Fig. 5. Nanoparticle extravasation and multiscale imaging correlation. (a) Boxplot of fluorescence spatial decay rate of Ferumoxytol-FITC (in grey) and Ferumoxytol-FITC-VDA (in blue). Significant difference between the two groups was indicated when *P < 0.05 (n = 4 per group). (b) Correlation scatter plot between spatial decay rate and T₂ relaxation time for mice administered with Ferumoxytol-FITC (in black) and Ferumoxytol-FITC-VDA (in blue). Experimental points (±SD) were fitted with a linear regression (dashed red line, R² = 0.84).

Fig. 6. Histopathology analysis. (a) CD31 staining (in brown) of mouse brain tumor tissue following injection with Ferumoxytol-FITC or Ferumoxytol-FITC-VDA, highlighting signs of vessel collapse (black arrows). Scale bars, 200 μm. (b) Optical fluorescence analysis of FITC signal from tumor tissue slides of mice injected with Ferumoxytol-FITC or Ferumoxytol-FITC-VDA. Scale bars, 200 μm. (c) Normalized intensity (±SD) bar plot comparing Ferumoxytol-FITC and Ferumoxytol-FITC-VDA. Significant difference between the two groups was indicated when **P < 0.005.

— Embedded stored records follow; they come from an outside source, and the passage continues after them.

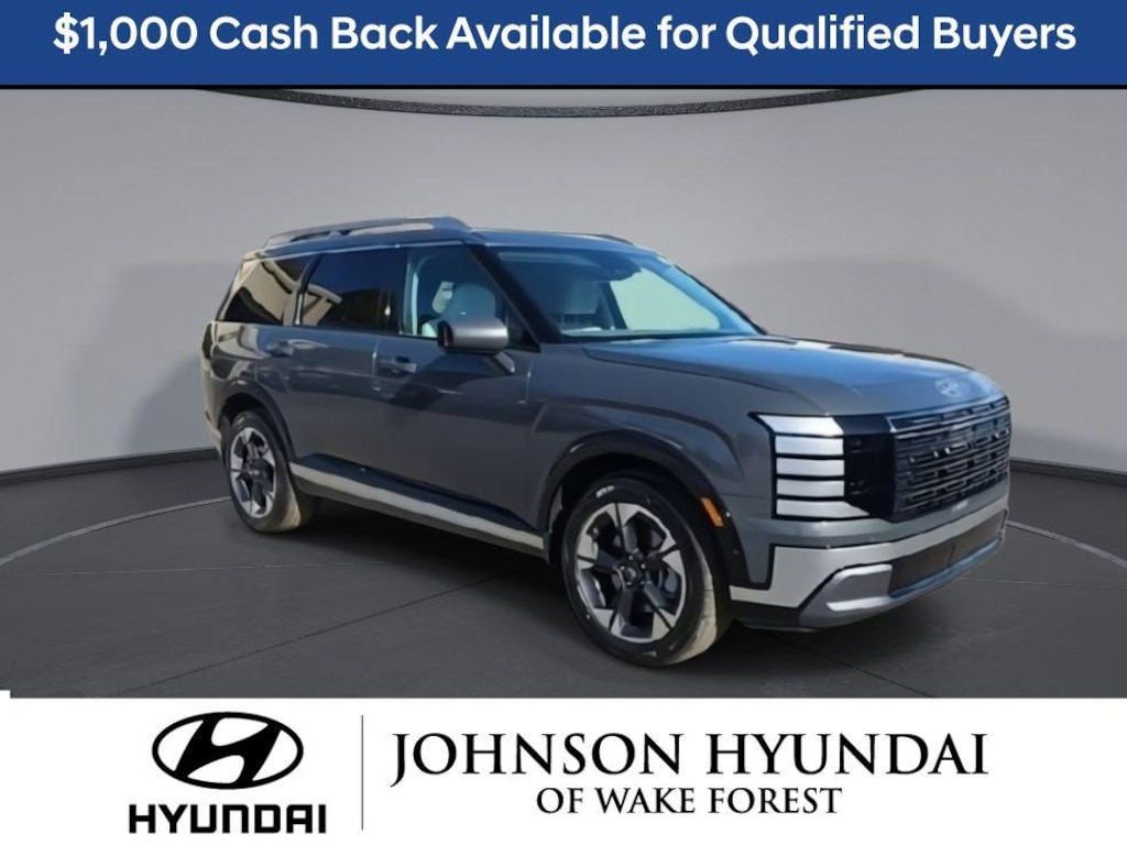 14 Speakers, 3rd row seats: split-bench, 4-Wheel Disc Brakes, ABS brakes, Air Conditioning, Alloy wheels, AM/FM radio: SiriusXM, Apple CarPlay & Android Auto, Audio memory, Auto High-beam Headlights, Auto-dimming door mirrors, Auto-dimming Rear-View mirror, Auto-leveling suspension, Automatic temperature control, Brake assist, Bumpers: body-color, Cargo Net, Cargo Tray, Carpeted Floor Mats, Compass, Delay-off headlights, Driver door bin, Driver vanity mirror, Dual front impact airbags, Dual front side impact airbags, Electronic Stability Control, Emergency communication system: None, Exterior Parking Camera Rear, First Aid Kit, Four wheel independent suspension, Front anti-roll bar, Front Bucket Seats, Front Center Armrest, Front dual zone A/C, Front reading lights, Fully automatic headlights, Garage door transmitter: HomeLink, Genuine wood console insert, Genuine wood dashboard insert, Heated and Ventilated Front Bucket Seats, Heated door mirrors, Heated front seats, Heated rear seats, Heated steering wheel, HVAC memory, Illuminated entry, Knee airbag, Leather Seat Trim, Leather steering wheel, Low tire pressure warning, Memory seat, Mud Guards, Navigation System, Occupant sensing airbag, Option Group 01, Outside temperature display, Overhead airbag, Overhead console, Panic alarm, Passenger door bin, Passenger vanity mirror, Power door mirrors, Power driver seat, Power Liftgate, Power moonroof, Power passenger seat, Power steering, Power windows, Radio data system, Radio: Infotainment Navigation System, Rear air conditioning, Rear anti-roll bar, Rear audio controls, Rear reading lights, Rear side impact airbag, Rear window defroster, Rear window wiper, Reclining 3rd row seat, Remote keyless entry, Security system, Speed control, Split folding rear seat, Spoiler, Steering wheel mounted audio controls, Tachometer, Telescoping steering wheel, Tilt steering wheel, Traction control, Trip computer, Turn signal indicator mirrors, Variably intermittent wipers, Ventilated front seats, Ventilated rear seats, Wheels: 20" x 8.0J Alloy. Price includes all applicable rebates in lieu of Special APR; Manufacture Lender Standard Financing Required *Price plus dealer installed accessories.**Please see dealer for details.$1000 - Hyundai HMF Dealer Choice: $1000 discount and 5.39% APR for 24 months. $44.05 per $1000 financed. Available to well qualified buyers who finance through Hyundai Motor Finance. H704. Exp. 04/30/2026 $1000 - Sales Event Cash. Exp. 04/30/2026
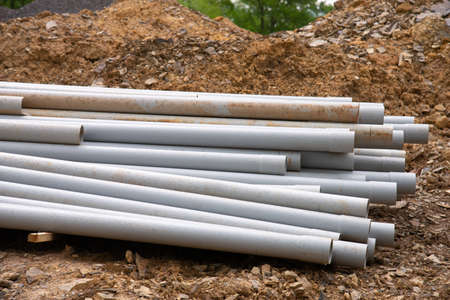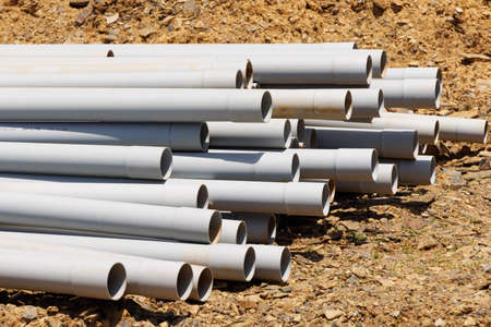 new water pipes on site construction supply plastic stack plumber
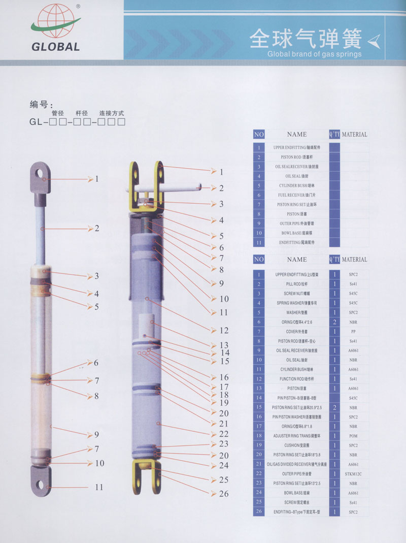 常州市全球氣彈簧有限公司坐落于高新開發(fā)區(qū)南區(qū),占地12800平方米,是專業(yè)生產(chǎn)用于家具,汽車,醫(yī)療設(shè)施以及工業(yè)等各類氣彈簧的廠家。公司擁有專業(yè)的技術(shù)人員和先進(jìn)的設(shè)備,產(chǎn)品大部分出口到國外,產(chǎn)品的質(zhì)量和性能得到內(nèi)外客戶的認(rèn)可和歡迎。
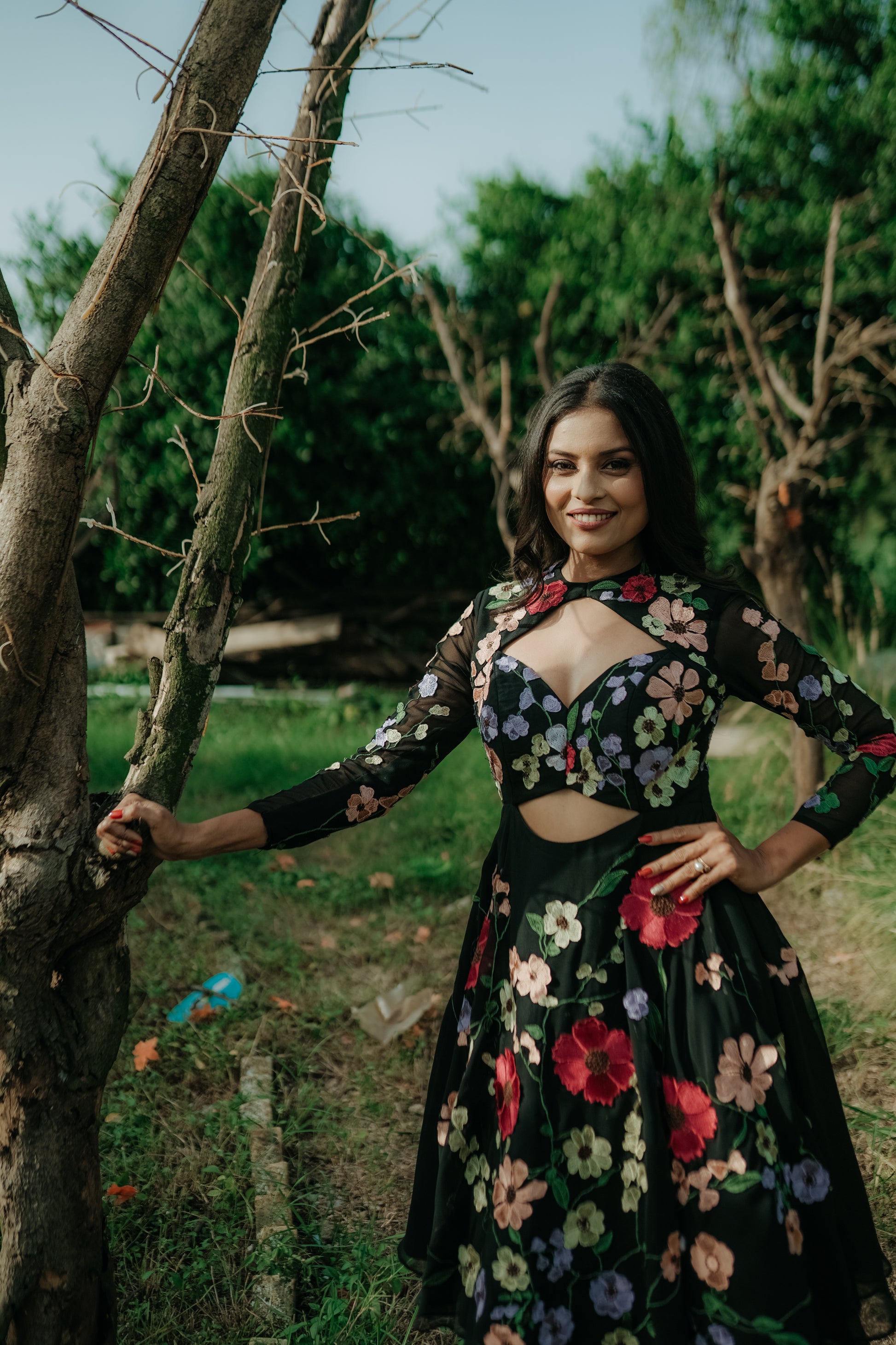 A romantic georgette creation featuring vibrant floral applique motifs, full sleeves, and a classic square neckline that blooms into a voluminous umbrella flare
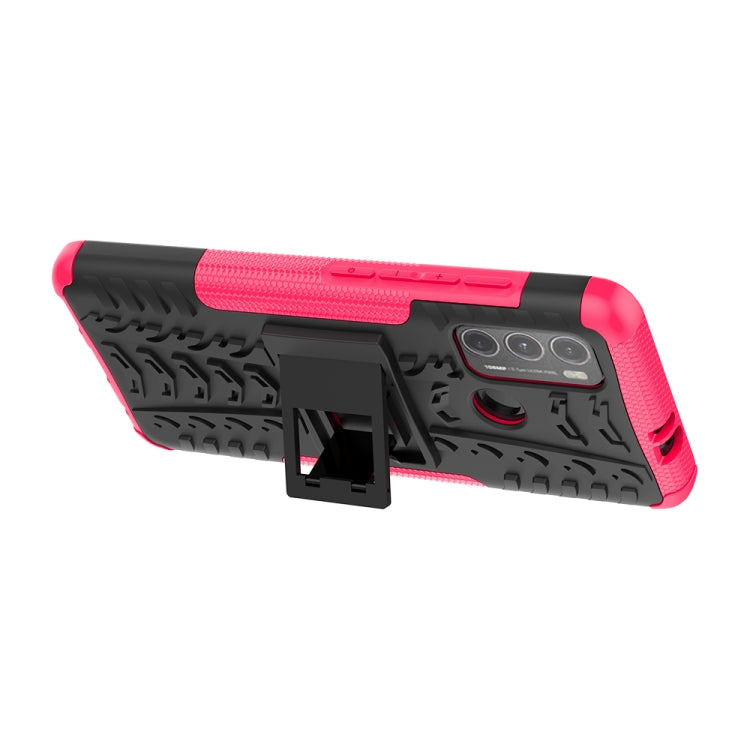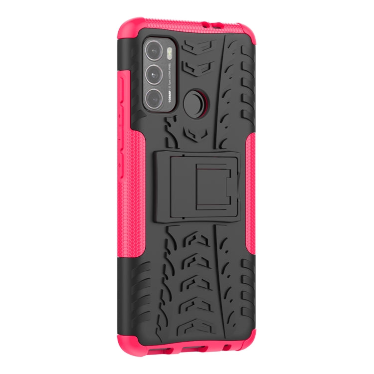 For Motorola Moto G60 Tire Texture Shockproof TPU+PC Protective Case with Holder(Pink)
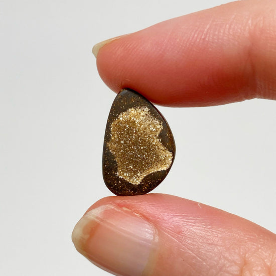 A beautiful free-form matrix boulder opal with brilliant colors on a dark body tone.
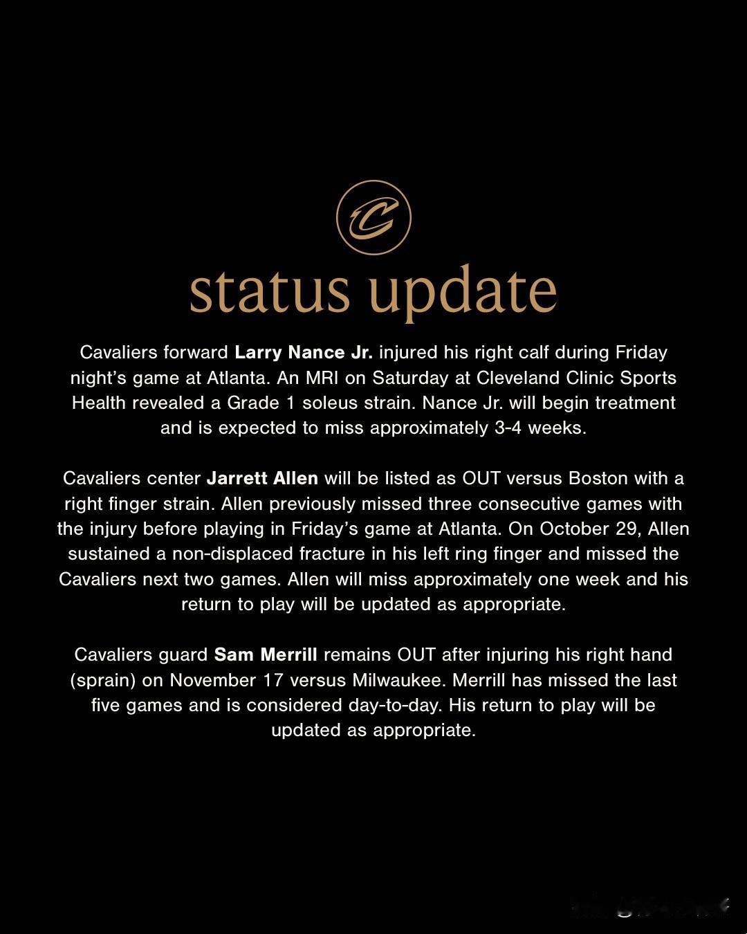 一下伤了三个!!!骑士小南斯、阿伦、梅里尔都进入伤病名单! 新赛季已经打了近20场比赛,四分之一过去了,不少球队都出现了不同程度的伤病困扰,每个赛季都是如此,伤病对于球队的影响是无法预测的。 今天,克利夫兰骑士队也更新了一波伤病报告,他们这一回就伤了三名球员,分别是首发中锋阿伦,以及角色球员小南斯和梅里尔。 其中阿伦最为严重,小腿拉伤,要缺阵3-4周,而小南斯手指拉伤预计一周左右,梅里尔则是右手扭伤,目前进入每日观察名单,他是受影响最小的。 骑士本赛季完全没有了上个赛季的风采,上赛季他们是东部第一,但是最终被以下克上淘汰出局,这个赛季他们似乎没有了上赛季的冲劲,加上球员的伤病影响,他们本赛季并不被十分看好。 骑士 克利夫兰骑士 职业球员伤病
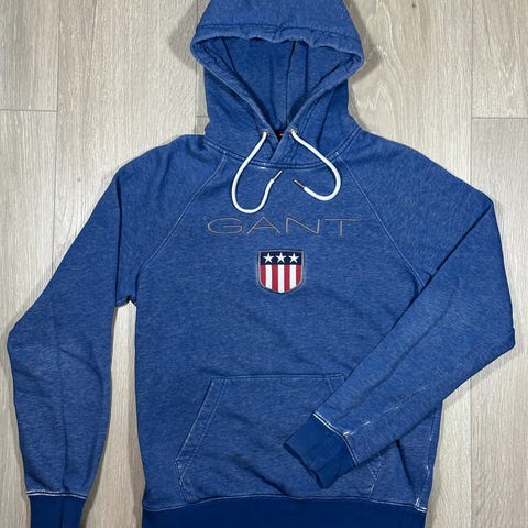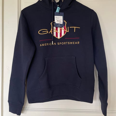 Gant, hettegenser, hoodie, marineblå, navy, bomull, polyester, shield, logo, Ralph Lauren, Lacoste, Tommy Hilfiger, S, herre
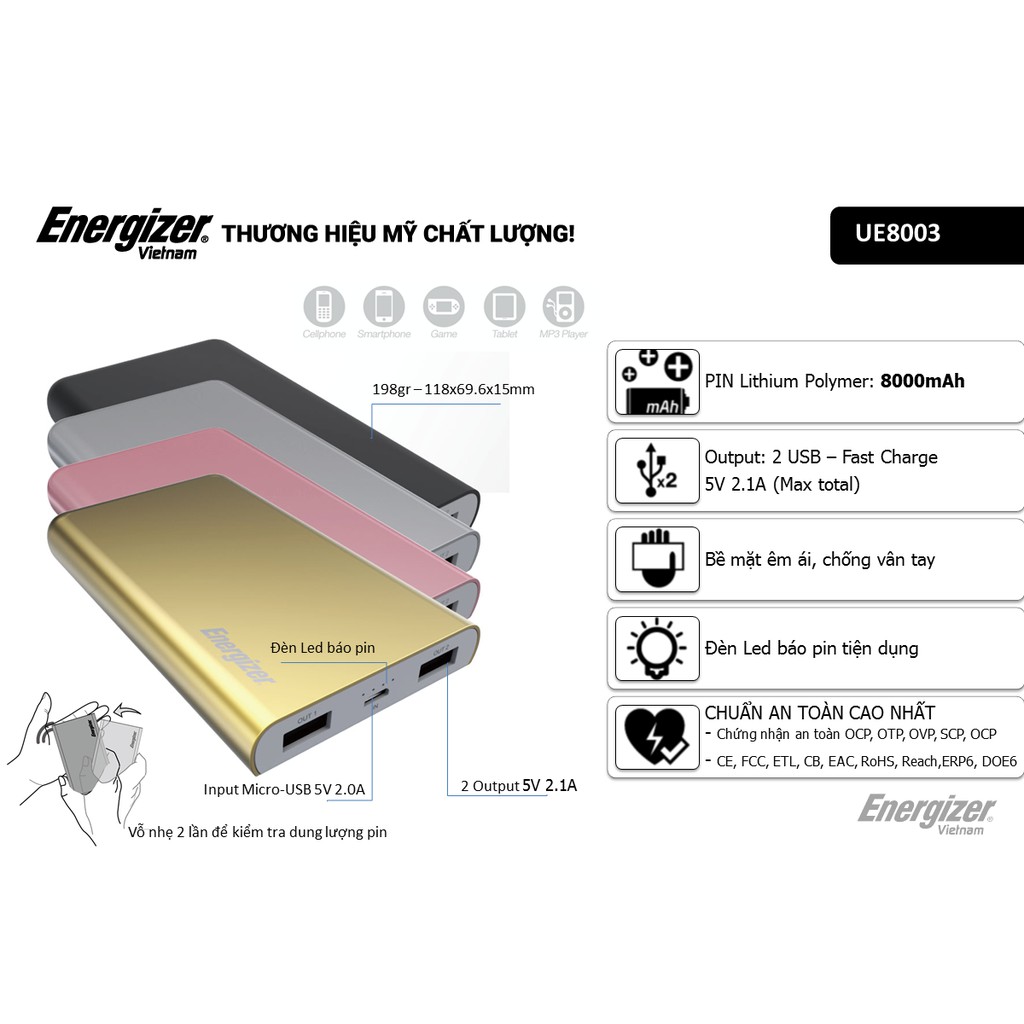 Giới thiệu Pin sạc dự phòng Energizer 8000mAh Li-Po 2 cổng Output - UE8003 (Vàng Đồng)
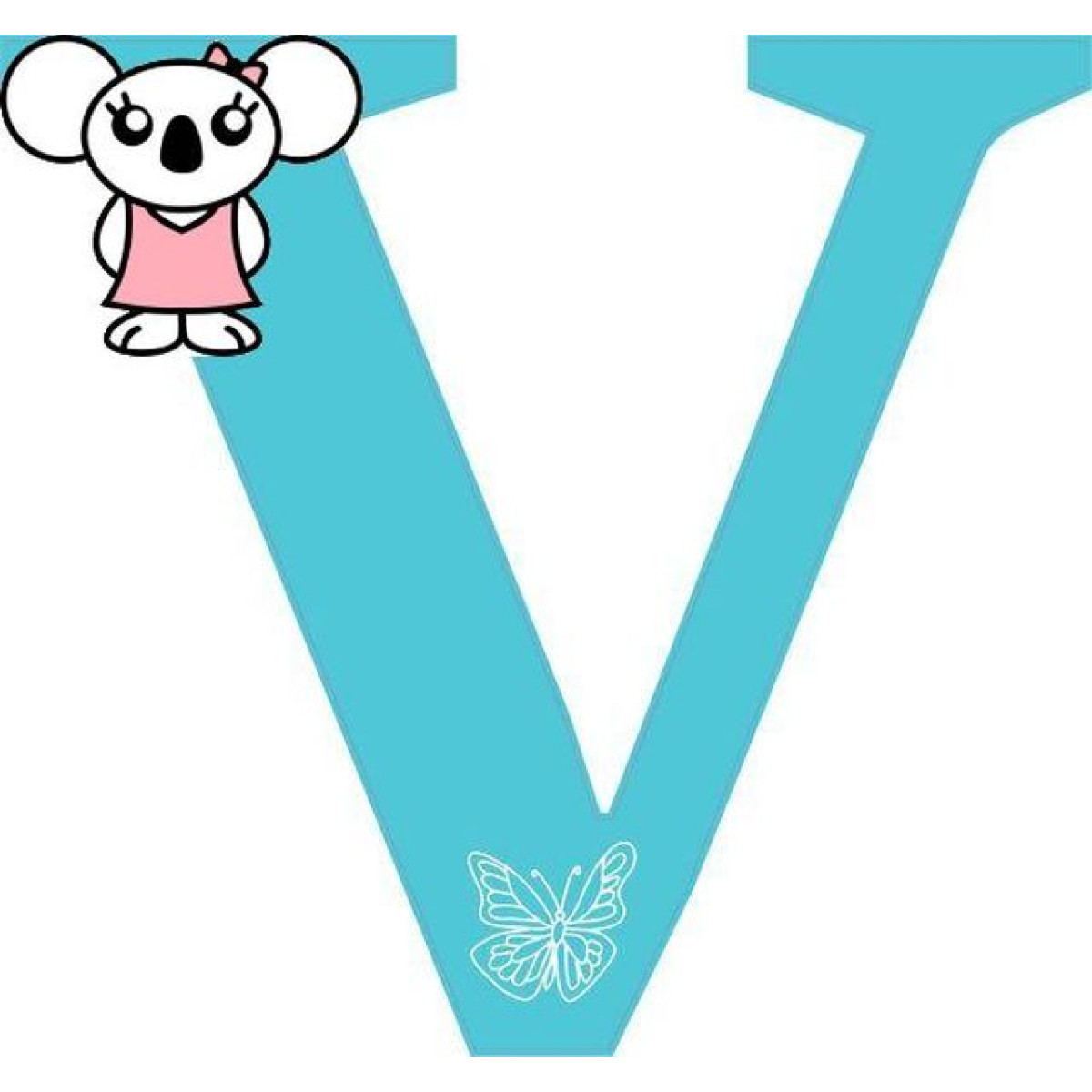 "V" betű falmatrica babaszobába, Abécé gyerek neves matrica, türkiz
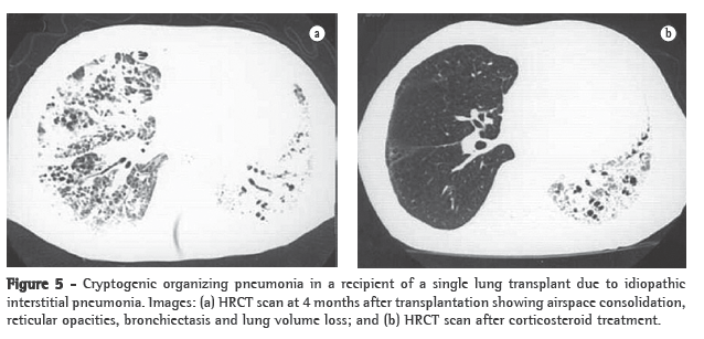 The prevalence of cryptogenic organizing pneumonia among lung transplant recipients is 10-28%.(19) This clinicopathologic syndrome-characterized clinically by subacute or chronic respiratory illness and pathologically by polypoid masses of granulation tissue in the lumen of small airways, alveolar ducts, and some alveoli-is associated with a variable degree of interstitial and airspace infiltration by mononuclear cells and foamy macrophages.(19) An HRCT scan often reveals airspace consolidation, ground-glass opacities, nodular or mass-like consolidation and linear or reticular opacities (Figure 5). Additional findings include bronchiectasis, bronchiolectasis, fibrosis, lung volume loss and air trapping.(19)
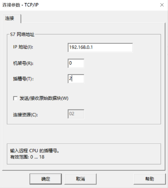 3. 在newconnection_1连接处点击鼠标游右键,选择设置连接参数.IP地址与前面下位机硬件设置时的IP地址一致,机架号0,槽号2。
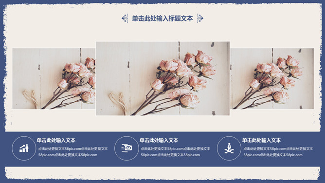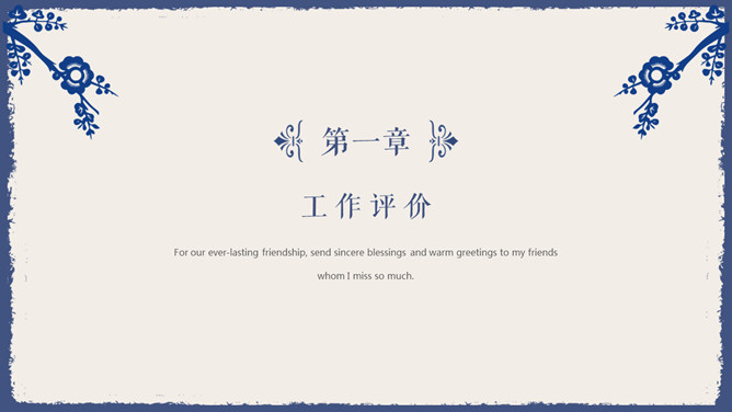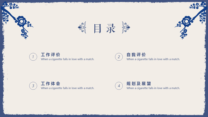 古典雅致简洁蓝花PPT模板。一套简约设计幻灯片模板,古典雅致蓝花装饰,动态播放效果,通用性强。

Fig. 7. Study concept. (a) Stereotactic implantation of C6 glioblastoma cells into the right brain hemisphere and surgical implantation of a cranial glass window above the tumor implantation site. (b) Baseline pre-contrast imaging with magnetic resonance imaging (MRI). (c) Nanoparticle administration via intravenous injection. (d) In vivo post-contrast MRI. (e) Post-contrast two-photon intravital microscopy.